Now Rick Santorum seems to be reviving and polishing the tactic of turning disagreements (even phantom ones) into religious conflict, theological war. Thus . . .

from Talking Points Memo:

*The comments [about Obama’s “theology”]came at an event in Columbus shortly after the former senator from Pennsylvania said *efficacy and safety improvements in oil drilling technology are considered by the president to be “a dangerous technology.”

*”It doesn’t fit his pattern of trying to drive down consumption, trying to drive up your cost of transportation to accomplish *his political science goal of reducing carbon dioxide,” he said.

*Obama, he continued, is not motivated by “your quality of life.”

*“It’s not about your job. It’s about some phony ideal, some phony theology,” Santorum said. “Oh, not a theology based on the *Bible, a different theology. But no less a theology.”

Santorum’s riff here is so free of facts as to seem like froth, so free of logic as to seem like hallucination. If one chooses to connect the multi-color dots, then (by inference) the Bible urges us to drive up consumption. –Except that Jesus once advised his followers to get rid of everything, and he advised Satan that man (humanity) cannot live by bread alone.

One might think, also, that the Bible has much to say about oil-drilling technology.

If by “drive up your cost of transportation,” Santorum means that Obama opposed the Keystone Pipeline, then we have more nonsense. The worldwide cost of oil is determined largely in the Middle East. Moreover, if Santorum were interested in driving down the cost of gasoline, he might insist upon new cars’ having more efficient motors, or he might insist that all oil produced in the U.S. stay in the U.S. When he opines that reducing carbon emissions is “a political science goal,” he has drifted into the land people enter when they have been drinking umbrella-drinks for a week–without sleep.

Of course, looming over all this wretched rhetoric is the idea that religion ought to drive policy–all policy.

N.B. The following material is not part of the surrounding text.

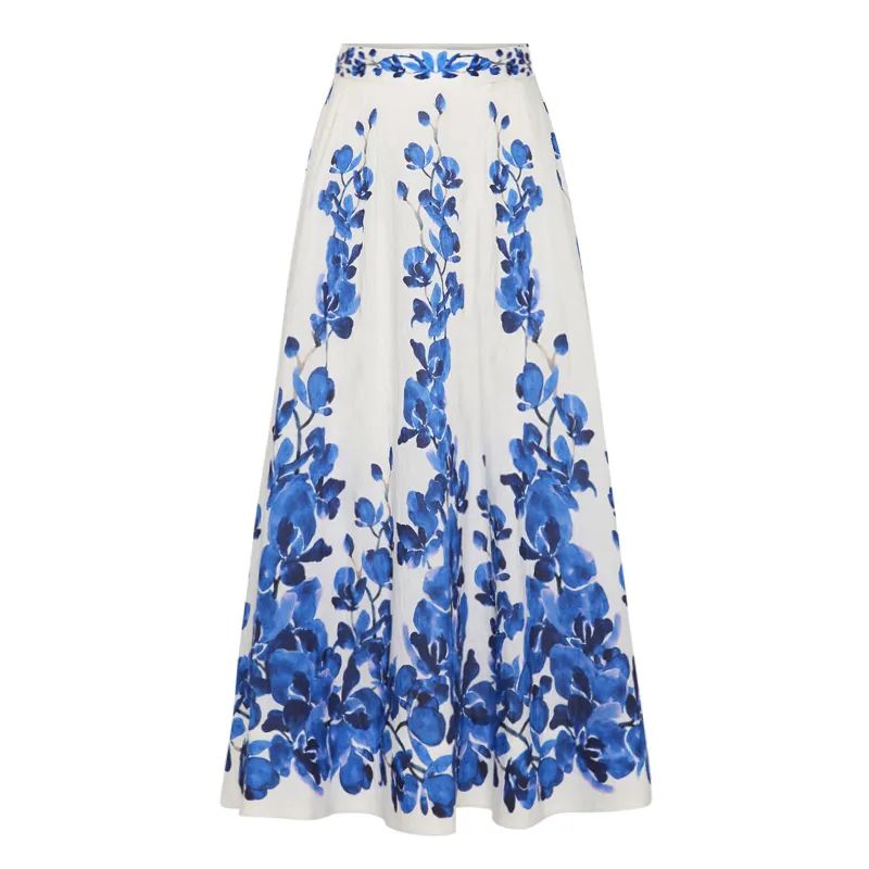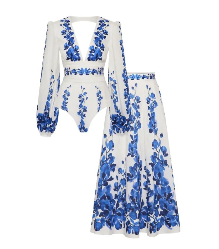 Conjunto de body tejido bañador de manga larga elástico con falda larga a juego. Con fondo blanco y preciosos detalles florales en color azul.

Therefore, Santorum has much in common with some Muslim political leaders. I wish journalists would pursue this parallel by questioning the self-appointed Bishop Santorum.

Hallucinogenic free-association in political rhetoric seems so pervasive now that one yearns for someone to flip the switch, as the lad did during the soon-to-be-named “Heidi Game” between the Oakland Raiders and New York Jets. When the hallucinometer hits a certain zone, our screens should be shifted to–well, how about a replay of the Heidi Game?